Last week he yelled at length at a council worker who was trying to whipper-snip the nature strip.
He yells at passing pedestrians.
"YOU'RE A BAD MOTHER!" – taking issue with the way a woman crossed the street with her babies.
To which I heard her reply,
"I DON'T CARE WHAT YOU THINK," then, showing she did indeed care what he thinks,
"I'M A GOOD MOTHER!"
"YOU'RE A BAD MOTHER!" he just shouted back.
He yelled at my upstairs neighbour for a full five minutes because her smoke alarm had malfunctioned and beeped non-stop for the last eight hours, ruining his day.
Earlier I'd found him in our stairwell, barefoot as usual, trying to track down the noise.

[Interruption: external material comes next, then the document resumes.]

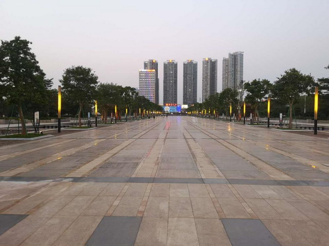 增城廣場內道路面積14700平方米,停車面積16500平方米,商用建筑面積3556平方米,建筑小品面積720平方米;種植喬木、灌木、棕櫚類、竹類等12746棵,種植地被色塊、美人蕉、時花等42741平方米、植草皮93763平方米;內設洗手間3座、休息亭6座、花架3座等設施;安裝高桿燈、低桿燈、埋地燈、泛光燈等3000多個,廣場綠地率達55%,綠化覆蓋率達68%。

"It's driving me so crazy," he told me (loudly), "I've had to start drinking."
It was 1 pm.
Then there was the power blackout. When my neighbour's electricity was finally restored after more than 24 hours he came out into the night to shout his euphoria.
"HOORAY! IT'S BACK! WE'VE GOT POWER! WOO HOO!! " he yellled, over and over. Then, needing to shout some more, he crossed the street to harass – I mean, thank – the technicians (still at work outside my building) in person.
"YOUSE GUYS ARE HEROS! THANK-YOU! YOU'RE THE BEST!" etc, etc, on and on and on.
The gloating was particularly galling for us on the other side of the road still without electricity. The technicians were still trying to work on that, which was not easy - on account of all the yelling.
But most of all he yells at his cat, or "my little daughter" as I overheard him describe her recently.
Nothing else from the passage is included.